Why?  Last time I checked, gcc (which is obviously licensed
under the GPL) enjoys wide spread use in the "real world".

> I have a problem with the GPL because, while I'm strongly in favor of 
> Free Software, I have no problem with proprietary software. If my code 
> is released under GPL, It becomes a political tool.

You want to maximise the freedom of software developers.
The GPL maximises the freedom of software users.  There are
many more software users than developers.

Wolfgang Thaller <wolfgang.thaller@gmx.net> wrote,

> > "GHC doesn't want to be GPL... why? - Would they close it once they 
> > smell
> > money in it?".
> Well, they can't really close it -- the license is a value, not an 
> IORef :-). They can make a closed copy of it. While it would be a pity 
> if those talented people who are currently employed at Microsoft 
> Research would stop contributing code to the free version, it would 
> concern me less than if GHC was put under GPL. And everyone who has seen 
> the GPLed version would then be forbidden to work on a proprietary 
> version of the old non-GPLed source base, because the FSF could sue him 
> for copyright infringement if RMS feels that there is an opportunity to 
> take out a non-free competitor to a free software product.
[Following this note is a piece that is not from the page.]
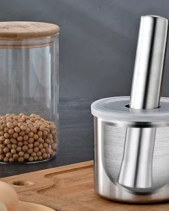 2er Set BAYLI Edelstahl Mörser Mit Stößel & Deckel – Massiver Gewürzmörser Für Die Küche – Bruchfeste Kräutermühle – Gewürzmühle Für Kräuter Und Gewürze – Tabletten Zerkleiner – Tablettenmörser
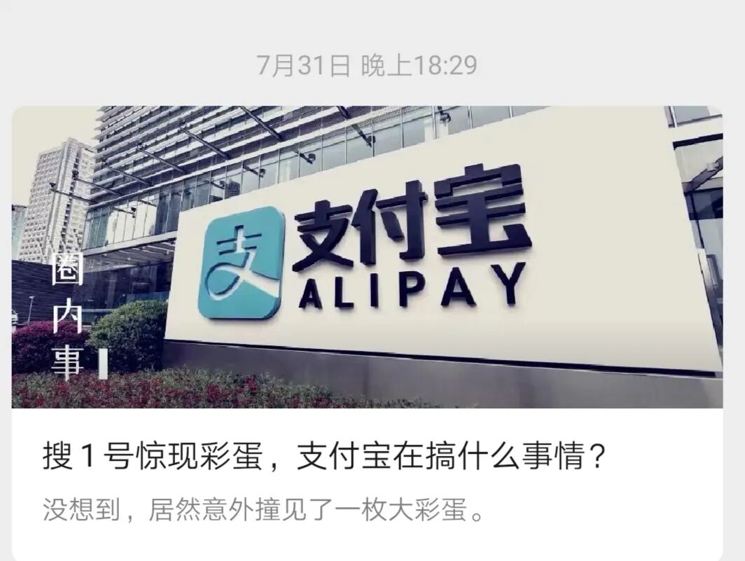 7月31日晚,微信公众号@互联网圈内事发布了一篇标题为《搜1号惊现彩蛋,支付宝在搞什么事情?》的文章,文中所说的支付宝端内的「搜索彩蛋」激起了人们的好奇心。

Not my idea 
> of freedom.

Please be careful with what you say and don't spread FUD.
The FSF can sue nobody over GHC whether GHC is licensed
under the GPL or not.  Only the copyright holder can sue
somebody and as long as nobody assigns the copyright to GHC
to the FSF, they can't sue anybody.

Moreover, seeing any GPLed code doesn't in any way affect
your ability to work on a proprietary version of a similar
program.  Such obviously wrong statements don't make your
line of reasoning very convincing.

Alastair Reid <reid@cs.utah.edu> wrote,

> > :) The question here is, are you (plural) really trying to write
> > Free Software or just giving something away now, which will be
> > closed and hogged later?
> The copyright holder(s) of a piece of software is free to change which
> license future copies are released under.  It makes no difference
> whether the license is GPL, BSD, Artistic, Microsoft EULA, or
> whatever.  (This is why the gcc team insist that all copyrights on gcc
> patches be signed over to the FSF.)
> In other words, the GPL gives no more protection against free software
> becoming non-free than the BSD license.  The only defence against this
> is for the copyright owners to make a legally binding promise not to
> do so (as the FSF have done).

This is not enirely correct.  With the GPL, there are
essentially two methods to work by: the GNU method and the
Linux method.  By the GNU method, as you said one entity
lets everybody else assign the copyrights to them.  This
entity is, then, in full control (both wrt to defending the
copyright against infringement and wrt to changing the
licensing terms).

By the Linux method, you accept contributions from a wide
variety of different source and let them keep the copyright.
After a while, the licencing terms, then, become
unchangeable, as it is practically impossible to get all
copyright owners to sign an agreement to change the
copyright.  The disadvantage, as the FSF points out, of this
method is that it also becomes difficult to defend against
copyright infringements.  However, I think for most free
software projects this is not much of a problem, as
copyright enforcement usually works via public uproar (as
demonstrated on Slashdot at regular intervals).

The disadvantage of the GNU method is that you need to have
a *trustworthy* organisation with sufficient financial
resources (such as the FSF) to employ it.

It is interesting to note that both methods work only with
the (L)GPL, but not with the BSD license.